Similar considerations for further research regarding replacement therapy apply to replacement therapies other than levothyroxine alone. In these circumstances the targets of therapy would logically correspond to the treatment regimen and include FT4 and/or FT3 levels as appropriate. It may be possible by calibration studies to define, for all forms of thyroid replacement, the hormone level equivalents of mid-range FT4 levels in untreated patients.

Though the evidence suggests that general TSH levels may not provide the most accurate targets for thyroid replacement therapy, it could be argued that once target hormone levels are initially attained in an individual, maintenance of the simultaneous TSH level in that individual presents a rational target for subsequent follow-up. In particular this might be an alternative to following the levels of both FT4 and FT3 in individuals treated with both levothyroxine and liothyronine.

Given the results thus far of the treatment of subclinical hypothyroidism, it remains possible that trials of the treatment of borderline hypothyroidism, however defined, and attempts at precision with thyroid replacement therapy in general, show minimal benefit. In these circumstances possible explanations might include that the lower and mid parts of population range of thyroid hormone levels are satisfactory and that the associations between borderline low thyroid hormone levels and clinical parameters represent reverse causation (83), result from other factors (39), or have been falsely identified/attributed (66). In these circumstances, treatment indications and thyroid hormone target levels might be reduced.

Separate studies would be required for the assessment of the value of treating mild hyperthyroidism as the associations of clinical parameters with high normal levels of thyroid hormones seem relatively more robust (38).

Support for TSH Levels, FT4 and TSH Levels Combined, and T3 Levels as Biomarkers of Euthyroidism

The use of TSH levels to monitor the thyroid status are in accord with the 2014 guidelines (1) where it is stated that ‘TSH has been accepted as a robust, sensitive, and reproducible indicator of the thyroid status.
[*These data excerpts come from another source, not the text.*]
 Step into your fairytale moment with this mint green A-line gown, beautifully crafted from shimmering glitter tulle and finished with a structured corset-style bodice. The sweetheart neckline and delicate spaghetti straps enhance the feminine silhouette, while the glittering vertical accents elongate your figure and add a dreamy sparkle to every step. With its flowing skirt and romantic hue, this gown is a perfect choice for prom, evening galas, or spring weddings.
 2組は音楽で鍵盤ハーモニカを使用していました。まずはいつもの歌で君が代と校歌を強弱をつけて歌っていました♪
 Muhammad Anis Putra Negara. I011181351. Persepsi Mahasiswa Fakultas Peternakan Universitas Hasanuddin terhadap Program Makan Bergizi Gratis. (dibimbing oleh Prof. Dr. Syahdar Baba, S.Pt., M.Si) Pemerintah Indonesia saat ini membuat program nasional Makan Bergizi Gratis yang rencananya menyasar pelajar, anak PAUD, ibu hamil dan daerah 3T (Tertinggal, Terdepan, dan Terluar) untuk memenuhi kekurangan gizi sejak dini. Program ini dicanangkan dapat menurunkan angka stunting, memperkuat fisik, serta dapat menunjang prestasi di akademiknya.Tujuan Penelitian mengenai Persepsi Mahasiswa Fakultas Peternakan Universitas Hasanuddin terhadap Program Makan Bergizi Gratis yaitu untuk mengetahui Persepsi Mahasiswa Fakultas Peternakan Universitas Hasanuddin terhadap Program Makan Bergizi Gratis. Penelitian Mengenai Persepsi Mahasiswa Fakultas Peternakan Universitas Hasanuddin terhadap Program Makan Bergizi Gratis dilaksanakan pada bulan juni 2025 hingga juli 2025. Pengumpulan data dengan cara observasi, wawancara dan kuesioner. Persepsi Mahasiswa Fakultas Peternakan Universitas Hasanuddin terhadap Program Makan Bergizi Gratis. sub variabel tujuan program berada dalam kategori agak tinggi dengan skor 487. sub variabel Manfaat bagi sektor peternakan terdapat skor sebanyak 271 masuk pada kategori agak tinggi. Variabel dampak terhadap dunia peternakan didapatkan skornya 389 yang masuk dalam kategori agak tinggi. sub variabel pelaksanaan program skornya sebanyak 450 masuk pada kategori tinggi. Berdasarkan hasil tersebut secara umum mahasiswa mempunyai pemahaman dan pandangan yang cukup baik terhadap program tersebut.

Serum TSH is thought to integrate signals from both T4 and T3 and its dynamic relationship with these parameters has led to its establishment as the best single test for determining thyroid status. The logarithmic relationship between TSH and thyroid hormones bestows sensitivity: even if circulating T3 and T4 are in the normal range it cannot be assumed that the subject is euthyroid. The interindividual ranges for T3 and T4 are much broader than the individual variance, such that measuring T3 and T4 is a suboptimal way to assess thyroid status.’

This support for the use of TSH levels as the best biomarker for the euthyroid state has thereby been based on a theoretical physiological rationale and predates studies supplying the relevant empiric data.
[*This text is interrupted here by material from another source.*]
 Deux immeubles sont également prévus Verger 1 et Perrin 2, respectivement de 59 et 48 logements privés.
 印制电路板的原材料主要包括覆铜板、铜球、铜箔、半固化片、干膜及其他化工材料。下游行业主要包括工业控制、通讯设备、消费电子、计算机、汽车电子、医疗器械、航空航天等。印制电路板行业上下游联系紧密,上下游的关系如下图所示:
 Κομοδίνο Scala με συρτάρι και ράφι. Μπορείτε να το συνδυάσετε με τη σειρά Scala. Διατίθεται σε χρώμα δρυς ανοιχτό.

Despite the publication of the data indicating the superiority of thyroid hormone levels over TSH levels there have been ongoing publications relying on TSH levels and the concept of subclinical hypothyroidism (84, 85). Some of these projects may well have commenced prior to the availability of this new data and thus relied on the dominant teachings of the time.

Otherwise however, concern has been expressed that though serum thyroxine has a better correlation with all-cause mortality and morbidity than serum TSH that this has limited relevance for the management of acquired hypothyroidism or thyrotoxicosis (13). Some of this concern relates to the fact that most of the relevant data was derived from individuals not on replacement therapy. Even in this situation however, it remains demonstrated that the diagnosis of thyroid disorders, and in particular mild thyroid dysfunction, is more accurately achieved by the measurement of FT4 than TSH.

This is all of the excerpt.